But that’s not what we’re seeing here. Now the line of code in the stack trace doesn’t match the file on disk at all. It seems to correspond to what is running, but not what is on disk. The reason is that Python uses a module called linecache to read the line of source. As the name implies, linecache caches file contents, so that reading many different lines from a file won’t try to open the same file many times.
What must have happened here is that the file had one program in it, and then was read (and cached) by linecache for some reason. That first program is what is running. Then the file was re-written with a second program. Linecache checks the modification time to invalidate the cache, but if the file was rewritten quickly enough to not have a different modification time, then the stale cache would be used. This is why the stack trace has the correct line of code, even though the file on disk doesn’t.

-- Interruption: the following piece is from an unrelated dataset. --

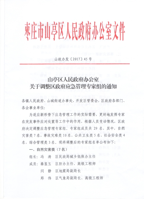 关于调整区政府应急管理专家组的通知

A quick look in the __pycache__ directory in the tmp directory shows a .pyc file, and if I dump it with show_pyc.py, I can see that it has the code I’m interested in. But rather than try to read disassembled bytecode, I can get the source from the stale copy in linecache!
import inspect
print("\n".join("%30s : %s:%d" % (t[3],t[1],t[2]) for t in inspect.stack()[::-1]))
with open("/tmp/bug856/better.py", "w") as fout:
import linecache
fout.write("".join(linecache.getlines(inspect.stack()[2].filename)))
print('******** in call ******************')
When I run this, I get a file better.py that makes clear why coverage.py claimed the original line wasn’t executed. Here’s the start of better.py:
1 def create_converted_entity_factory():
2
3 def create_converted_entity(ag__, ag_source_map__, ag_module__):
4
5 def tf__call(self, inputs, training=None):
6 do_return = False
7 retval_ = ag__.UndefinedReturnValue()
8 import inspect, sys
9 print(ag__.converted_call('join', '\n', ag__.ConversionOptions(recursive=True, force_conversion=False, optional_features=(), internal_convert_user_code=True), (('%30s : %s:%d' % (t[3], t[1], t[2]) for t in ag__.converted_call('getouterframes', inspect, ag__.ConversionOptions(recursive=True, force_conversion=False, optional_features=(), internal_convert_user_code=True), (ag__.converted_call('_getframe', sys, ag__.ConversionOptions(recursive=True, force_conversion=False, optional_features=(), internal_convert_user_code=True), (), None),), None)[::-1]),), None))
10 with open('/tmp/bug856/better.py', 'w') as fout:
11 import linecache
12 ag__.converted_call('write', fout, ag__.ConversionOptions(recursive=True, force_conversion=False, optional_features=(), internal_convert_user_code=True), (ag__.converted_call('join', '', ag__.ConversionOptions(recursive=True, force_conversion=False, optional_features=(), internal_convert_user_code=True), (ag__.converted_call('getlines', linecache, ag__.ConversionOptions(recursive=True, force_conversion=False, optional_features=(), internal_convert_user_code=True), (ag__.converted_call('stack', inspect, ag__.ConversionOptions(recursive=True, force_conversion=False, optional_features=(), internal_convert_user_code=True), (), None)[2].filename,), None),), None),), None)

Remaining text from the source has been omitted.